Material to process:
/---
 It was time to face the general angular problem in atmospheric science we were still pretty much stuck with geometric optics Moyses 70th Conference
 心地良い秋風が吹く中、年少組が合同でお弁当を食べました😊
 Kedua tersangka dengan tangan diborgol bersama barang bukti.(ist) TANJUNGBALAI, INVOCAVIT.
\---
/---
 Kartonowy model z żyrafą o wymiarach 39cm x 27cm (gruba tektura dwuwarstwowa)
\---
Work task: For this task, write out exactly the lines of the entries above, starting at the line with "心地良い秋風が吹く中、年少組が合同でお弁当を食べました😊" and ending at the line with "Kedua tersangka dengan", both included, and no others.

Task result:
 心地良い秋風が吹く中、年少組が合同でお弁当を食べました😊
 Kedua tersangka dengan tangan diborgol bersama barang bukti.(ist) TANJUNGBALAI, INVOCAVIT.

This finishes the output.